Please find attached the setup.
Here is a small sketch I have made of how my Tunnel is running.
I did for one, the other 2 are of same method. The other routers also connect physically to the same MPLS devices one seperate interfaces by the same method.
OK, so as expected, the remote addresses are actually not 192.168.1.3 and …1.4 but 192.168.1.9 and …1.10, which makes more sense as they are not in the same subnet like 192.168.1.1 and …1.2.
It still doesn’t explain from where the default routes pop up, but it doesn’t matter, as /ip route add dst-address=192.168.1.8/30 gateway=192.168.1.2
beats any less specific route (one with lower mask value), i.e. including any default one.
I assume the remote-address of the EoIP tunnel is 192.168.1.9 here, correct?
So unless the same IP addresses of the remote Mikrotiks are used on the remaining two MPLS tunnels, these individual routes will make the trick happen.
A lot of questions could have been answered in a batch if you posted the configuration exports of the current three routers at the HQ as the first step.
There are no public IPs involved, so I cannot understand why you cannot simply export the complete configs from the three existing routers as a text and just obfuscate the names (and serial numbers and timezones if the paranoia is strong).
So again:
what are the remote-address values at the HQ routers for the individual /interface eoip rows?

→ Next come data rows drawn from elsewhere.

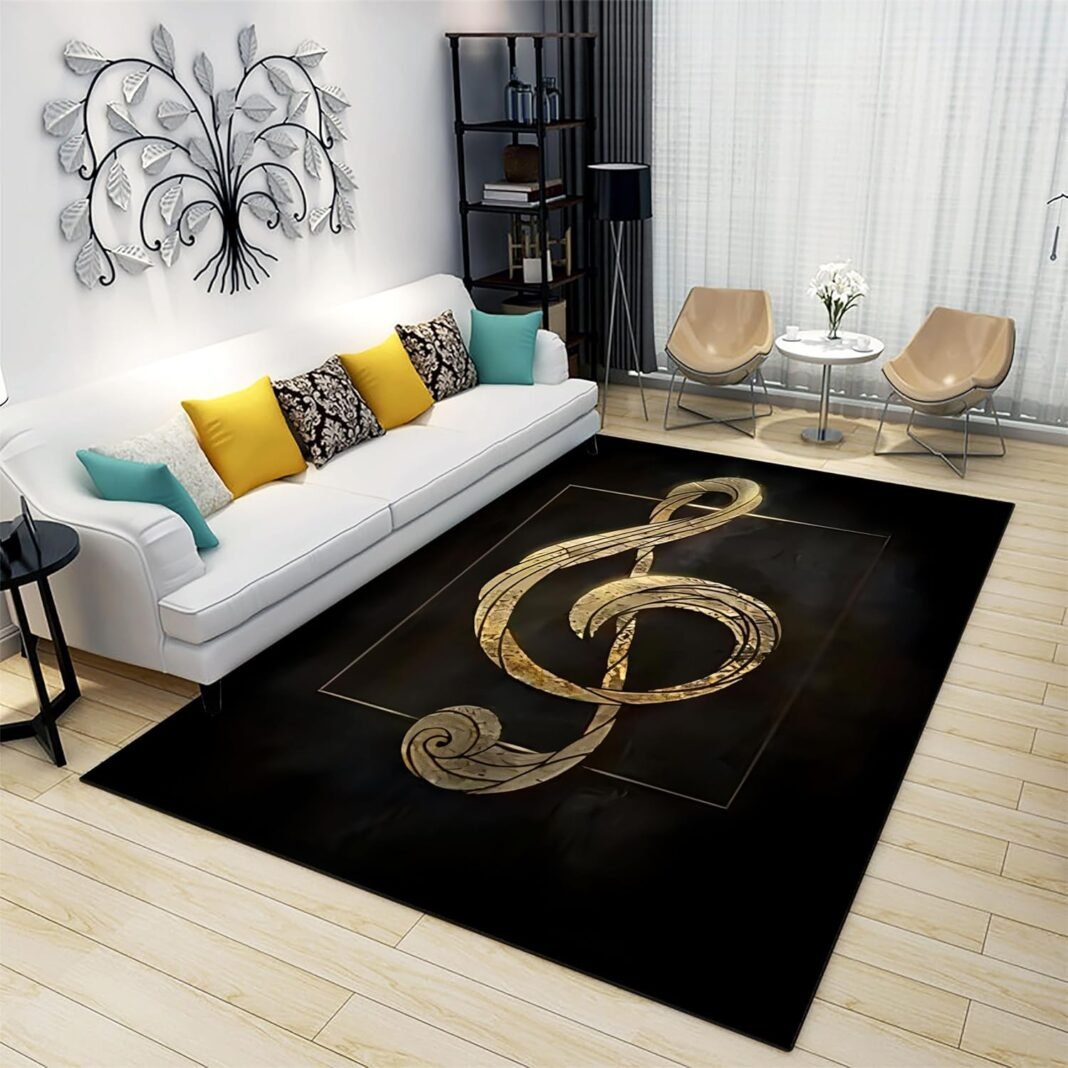 Music Area Rugs 6x8ft Minimalism Golden Musical Note Indoor Non-Slip Area Rugs Simple and Stylish Machine Washable Durable Carpet for Living Room Bedroom Study Dining Decor Mat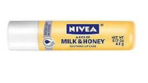 -. Binding : Health and Beauty -. EAN : 6996009013148 -. Feature : Delights Your Lips with Extra Rich Care / Inspires Your Senses with Delicious Honey Scent / Effectively Helps Protect Your Lips from Drying Out, Also in Cold Weather & Dry Air / Made in Germany / Soothing Lip Care -. Label : Nivea -. Manufacturer : Nivea -. PackageQuantity : 1 -. ProductGroup : Health and Beauty -. ProductTypeName : HEALTH_PERSONAL_CARE -. Publisher : Nivea -. Studio : Nivea -. Title : Nivea Lip Care A Kiss of Milk & Honey 0.17 oz (4.8 g)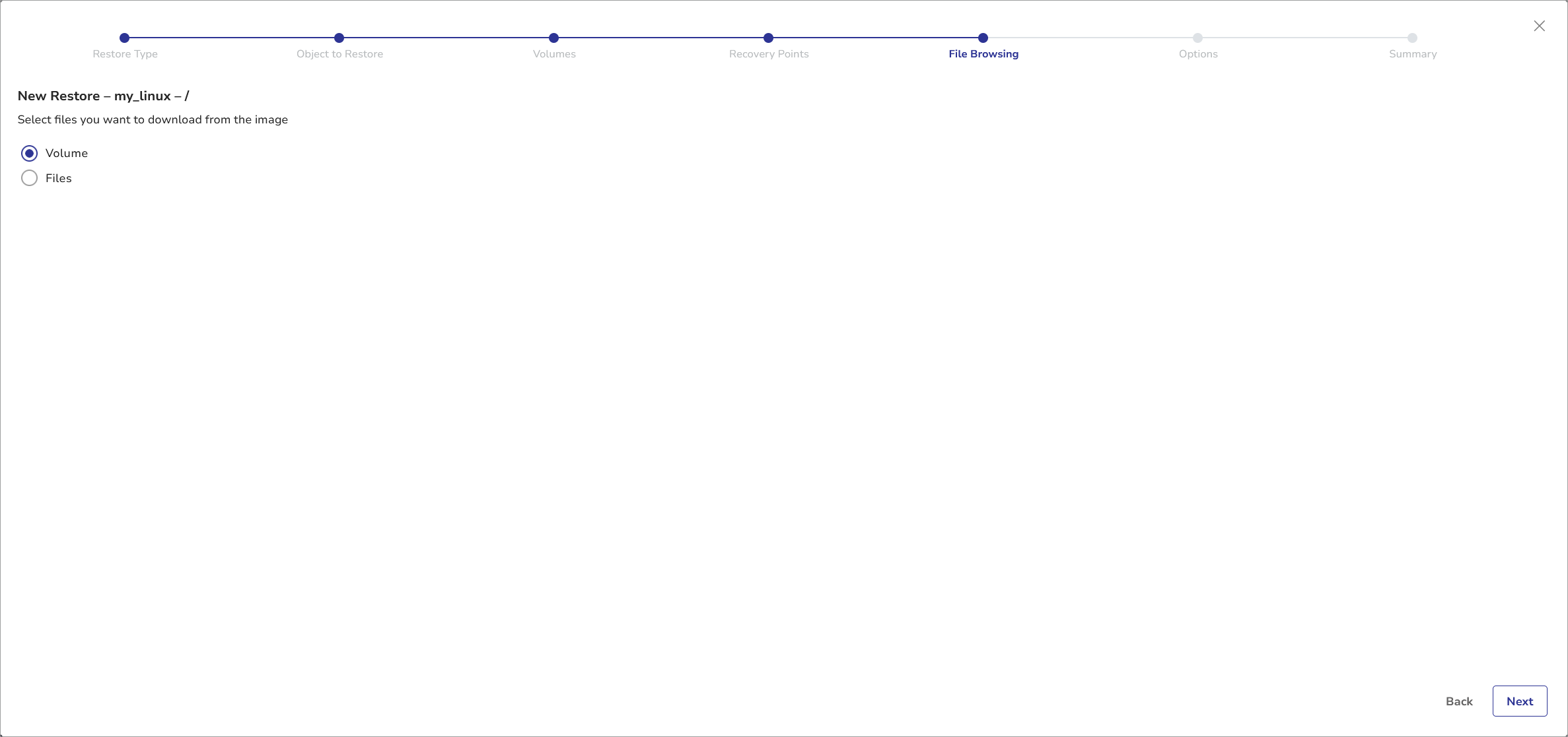 - Select the entire volume (default) or individual files to restore from the backup. Click Next.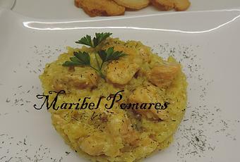 360 grs. Arroz.1,5 L. Caldo de pescado ò marisco.1 puerro.2 dientes de ajo.200 grs. Vino blanco.400 grs. Salmón sin piel ni espinas, cortado en dados.1/2 cucharadita de jengibre molido.1/2 cucharadita de mostaza molida.1/2 cucharadita de cúrcuma.1/2 cucharadita de eneldo.1/2 cucharadita de pimienta.Perejil.100 grs. Aceite de oliva.Sal rosa del Himalaya.80 grs. Queso parmesano.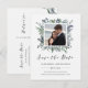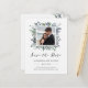 Este cartão postal moderno de save the date de casamento botânico apresenta uma moldura central com sua foto e folhas de aquarela em tons modernos de verde, azul e cinza para um visual elegante que é ao mesmo tempo minimalista e rústico.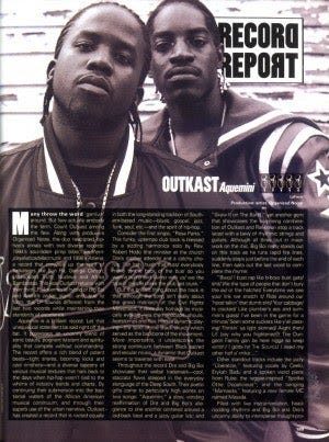 But it’s not just a matter of resume building. Who Outkast was mattered. They were literary, intelligent and grounded in a way that makes sense to All The Critics in New York. Their spacey urbanity gave a Southern twang to a language Nas and the Native Tongues had consecrated earlier in the decade. In retrospect, while it came later than it should’ve, Outkast was the perfect vessel to break The Source’s Mason Dixon line.

are DHCP client attached to the interfaces connected to the MPLS ports?
are the IP addresses attached to these interfaces also statically, or only by DHCP?
OK, so the default route is added manually. But you don’t need the default route at all, it is enough to have routes to each remote router via the approproiate gateway IP on each WAN. You’ve got:
So you need the following routes instead of the default one: /ip route
add dst-address=192.168.10.12/30 gateway=192.168.10.10
add dst-address=192.168.10.4/30 gateway=192.168.10.1
Another important point, there is no reason to have the WAN interfaces bridged together with the LAN ones and with the EoIP tunnels. The broadcast traffic (ARP etc.) leaks between unrelated networks in such case.
And since you have one LAN port per each EoIP tunnel, it suggests you actually don’t need the L2 connections to the remote sites to be bridged all together? If you want them separate, use a dedicated bridge for each:
/interface bridge port
add bridge=bridge_EoIP_AVSEC interface=ether2_LAN_AVSEC
add bridge=bridge_EoIP_AVSEC interface=eoip-tunnel-to-AVSEC
add bridge=bridge_EoIP_SSR interface=ether4_LAN_SSR
add bridge=bridge_EoIP_SSR interface=eoip-tunnel-to-SSR
add bridge=bridge_EoIP_PRASLIN interface=ether6_LAN_PRASLIN
add bridge=bridge_EoIP_PRASLIN interface=eoip-tunnel-to-PRASLIN
Last, if an interface is made a member port of a bridge, IP configuration should be attached to the bridge, not to the member interface itself. So the address 172.16.11.48/16 should be attached to bridge_EoIP_AVSEC rather than to ether2_LAN_AVSEC.